Different managed Iceberg choices require groups to handle desk upkeep, file format, and entry coverage enforcement independently. On Databricks, these capabilities are unified and computerized, eradicating a complete class of operational overhead whereas additionally preserving full knowledge portability.
Get Began with Apache Iceberg v3 on Databricks
Iceberg v3 on Databricks is Public Preview right this moment! Groups can now reap the benefits of the most effective options throughout Delta and Iceberg with out buying and selling off between efficiency and interoperability.
Iceberg v3 is out there on Databricks Runtime 18.0+ with Unity Catalog enabled.
Making a Unity Catalog managed Iceberg desk with v3 enabled is straightforward:
Making a Unity Catalog managed Delta desk with UniForm and v3 enabled is simply as easy:
Wanting forward: Iceberg v4
Iceberg v3 unifies the information layer throughout Delta and Iceberg on a performant, interoperable basis – the subsequent frontier is the metadata layer. Databricks engineers are actively driving a number of core Iceberg v4 proposals within the Apache group to make metadata easier, sooner and extra scalable.
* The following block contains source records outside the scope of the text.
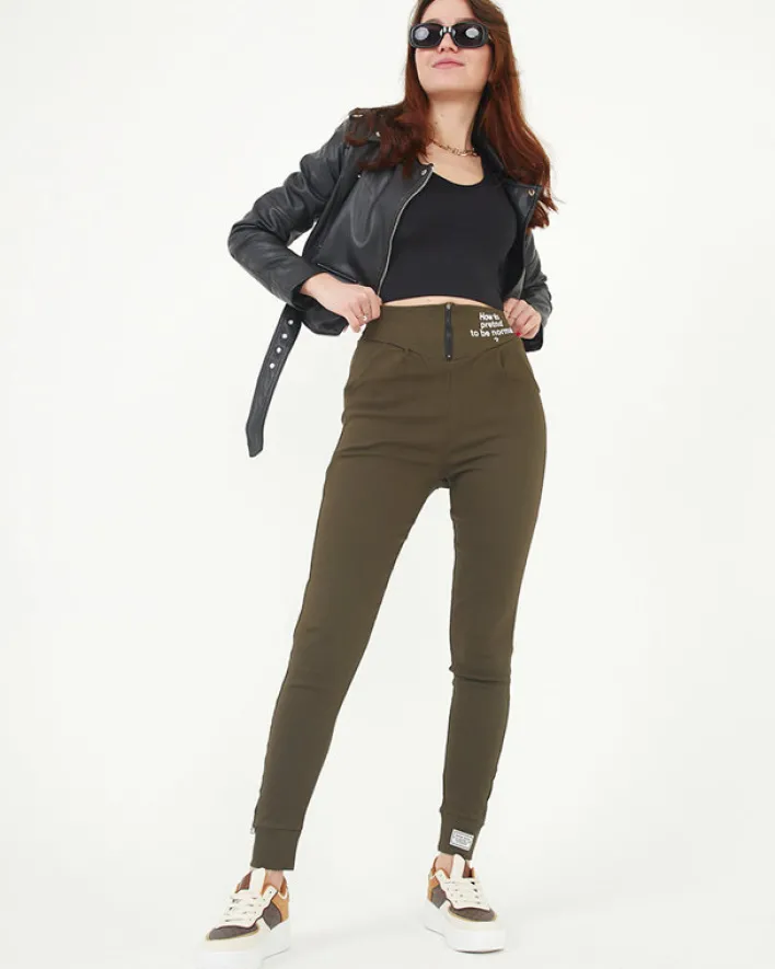 - Stylowe damskie spodnie z wysokim stanem wykonane z przyjemnej, rozciągliwej tkaniny. Model posiada gumę w pasie, a z przodu zapięcie na zamek oraz modne napisy. Must have w szafie każdej kobiety! UWAGA: Dokładność pomiaru (+/-) 1 cm.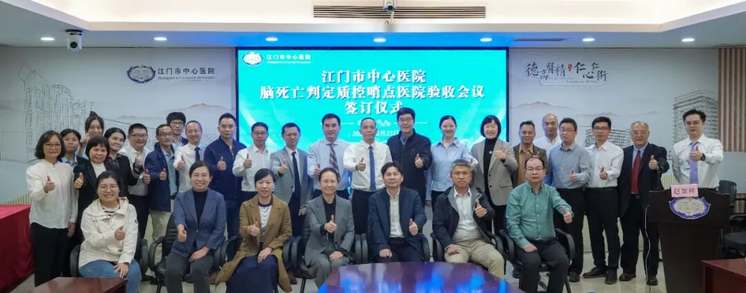 验收结束后,国家脑损伤质量控制评价中心广东省分中心潘速跃常务主任与江门市中心医院党委副书记、院长阮晓红共同签署《脑死亡判定质控协议书》,并授予我院“脑死亡判定质控哨点医院”证书。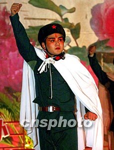 河南省安陽(yáng)市超越集團(tuán)在日前舉辦的一場(chǎng)“非公經(jīng)濟(jì)之春”文藝晚會(huì)上,上演當(dāng)年樣板戲《智取威虎山》中的共產(chǎn)黨員形象。超越集團(tuán)有健全的共產(chǎn)黨組織健全。中新社記者:宋吉河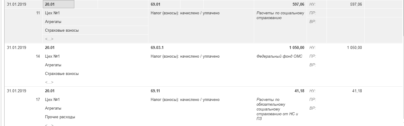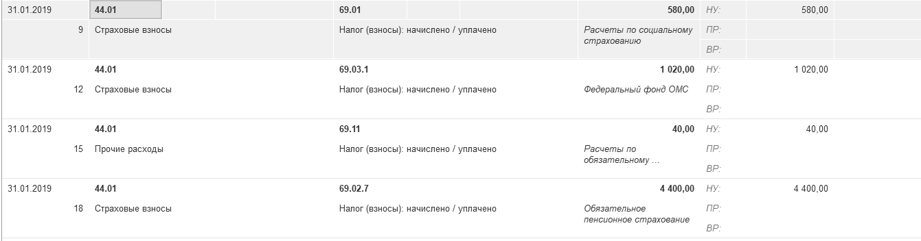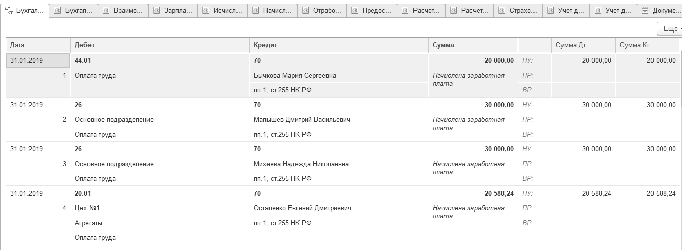 Проведенный документ создаст проводки по начислению зарплаты (например, Д 26 К70), проводки по начислению НДФЛ (например, Д 70 К 68.01) и проводки по начислению страховых взносов. Проводки формируются сводные (виды начислений суммируются).
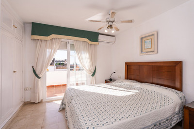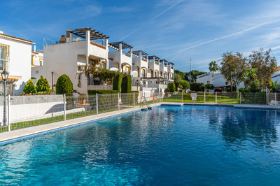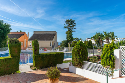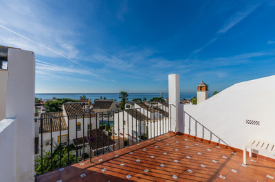 Ample and bright semi-detached house in the urbanisation Costabella in East Marbella. The house offers on two levels three bedrooms, three bathrooms, a good sized living room, big kitchen, front terrace and back summer terrace. Amazing sea views from first floor and from roof terrace. The house offers great potential as there is a basement that could be converted into more bedrooms or whatever you like. Amazing complex within a couple of steps from the beach with large pool area, garden and parking space area. Marbella Centre is only a 10 minute drive away.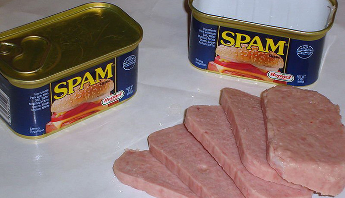 Spam je v origináli označenie pre Luncheon meat, či hovorovo po slovensky „lanšmit“. Ide o konzervované mleté mäso, pripomínajúce tuhú paštétu, ktoré sa sprvu vyrábalo pre Britskú armádu a neskôr sa dostalo na pulty obchodov.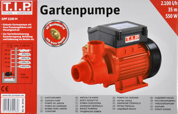 Садовый водяной насос GPP 2100M с прочным корпусом насоса из литого материала, отличающимся высокой устойчивостью к механическим повреждениям, очень тихой работой и высоким КПД при низком энергопотреблении.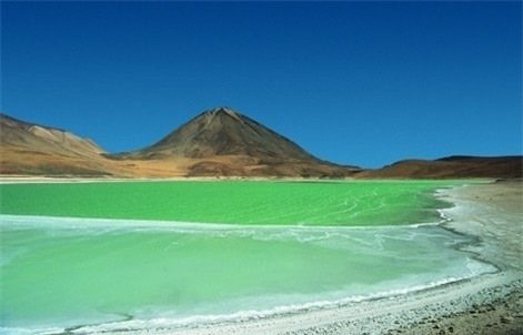 Đầm phá ở Bolivia: Là một hồ nước tuyệt đẹp được bao quanh bởi những triền đồi và những dãy núi, đầm phá ở Bolivia thay đổi màu sắc từ xanh da trời tới xanh ngọc và xanh thẫm.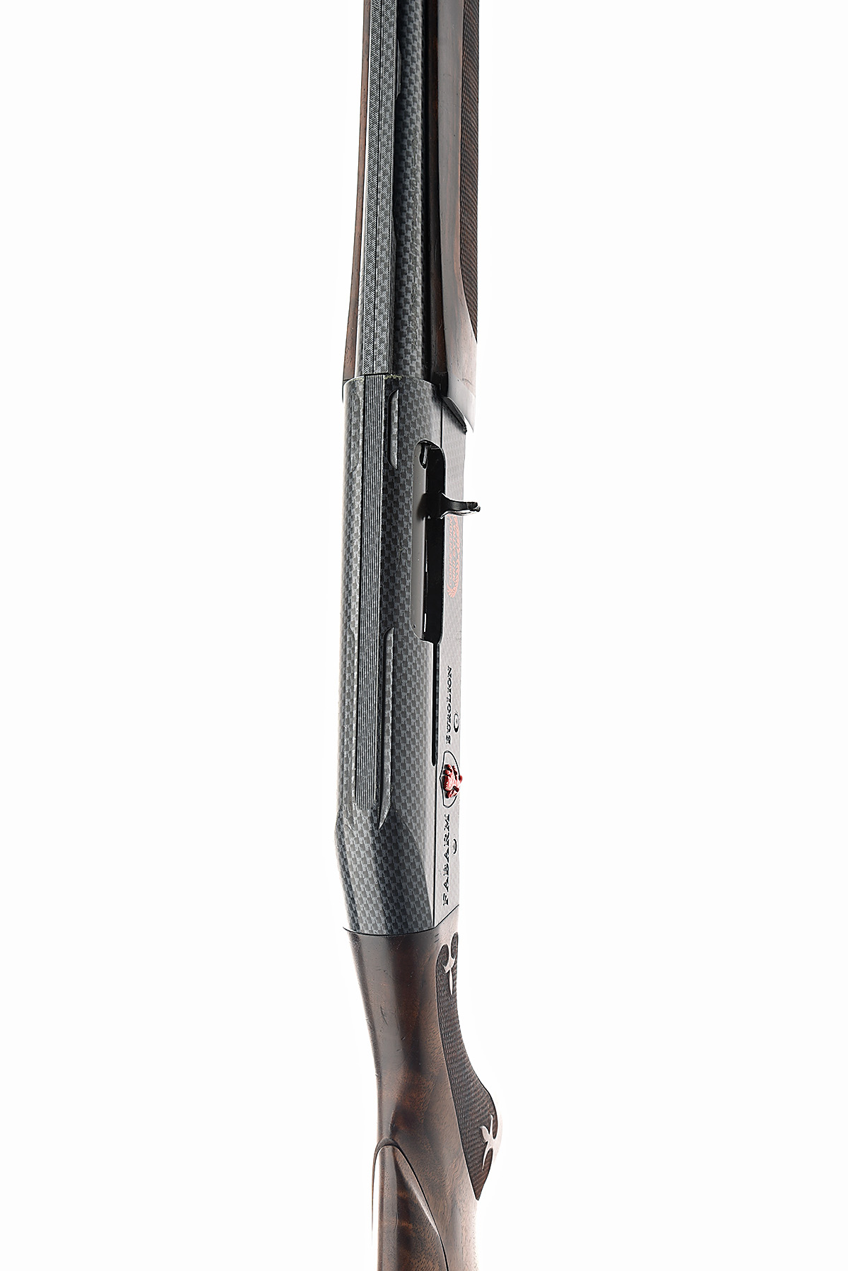 FABARM 12-BORE (3IN.) 'EUROLION COMPETITION MKII EXTRA' SEMI-AUTO SHOTGUN, serial no. 5001880, for 2000, restricted magazine, 29 7/8in. Tribore nitro barrel with 10mm ventilated matt rib, serial no. 4019305, 3in. chamber, multichoke (with spares), manual push-button safety, magazine cut-off switch, action and barrel with carbon fibre effect finish, 14 1/2in. pistolgrip stock including ventilated rubber recoil pad, with adjustable comb, weight 8lb. 1oz.,
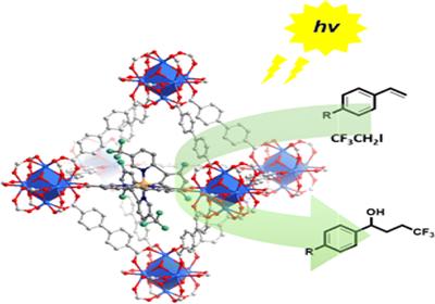 在UiO-67框架化合物中通过后处理的方式接上Ir化合物Ir(ppy)2,可以在可见光下催化苯乙烯类化合物的三氟乙氧基化。这种催化剂与均相前驱体有着不同的催化机理。空间限域效应可以大幅减少偶联副产物的生成,且该催化剂可以循环使用多次而催化剂结构不发生改变。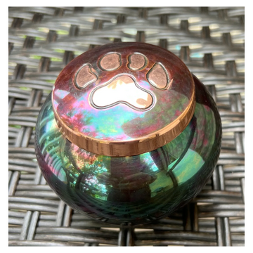 This beautiful Rose Gold urn with pawprint inlay can be personalized with the name plate of your choice hanging on a chain around the top of the urn. It will arrive in a beautiful velvet bag.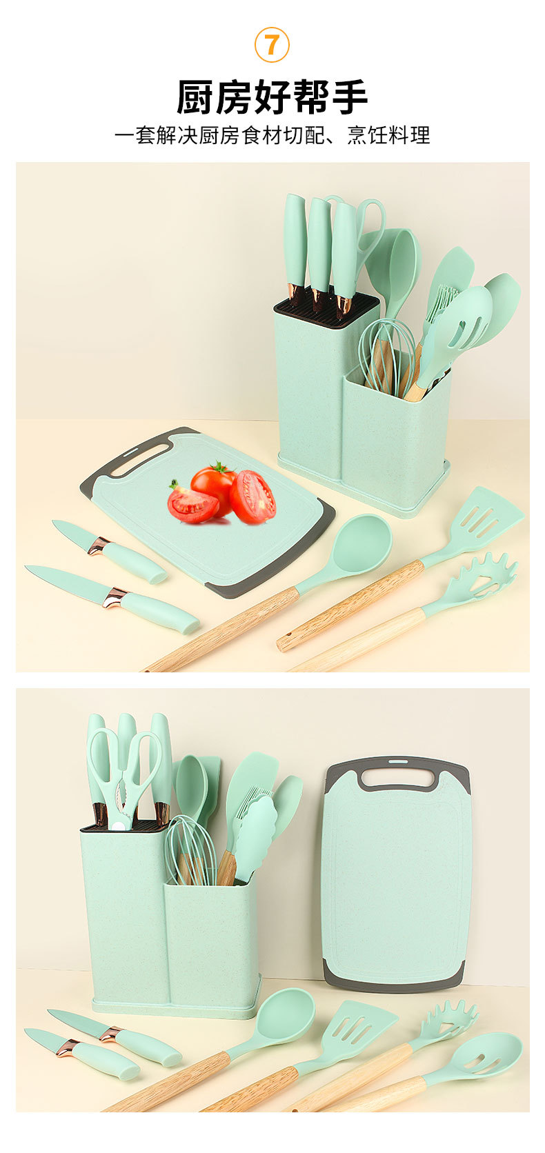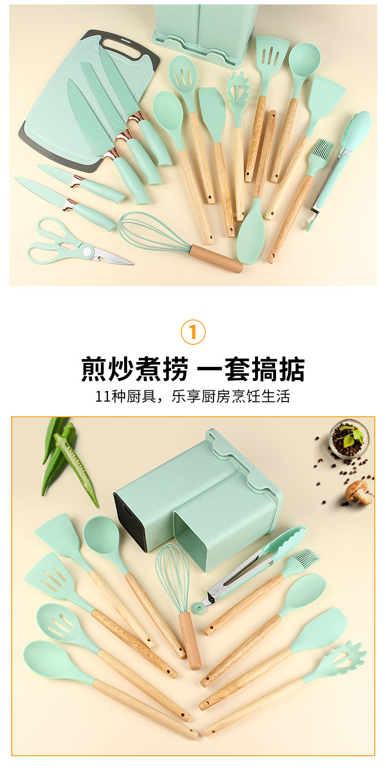 나무 손잡이 실리콘 주방용품 19 조각 저장 배럴 도구 조합 세트 공장 재고를 가진 비 스틱 요리 삽 세트스토어 가기

These embrace the adaptive metadata tree, which simplifies the metadata construction so that the majority operations require writing solely a single file as a substitute of a number of. Further proposals embrace relative path help for seamless desk relocation throughout environments and a modernized statistics mannequin that extends to newer knowledge sorts like VARIANT and GEOMETRY. Collectively, these developments will imply sooner ingestion, extra environment friendly question planning, and easier desk administration at enterprise scale. We’re excited to proceed advancing the Iceberg specification with the group.
Study extra at Knowledge and AI Summit
Get began with Iceberg v3 and be part of us on the upcoming Knowledge and AI Summit in San Francisco, June 15-18, 2026, to be taught extra about our Iceberg roadmap and work throughout the ecosystem.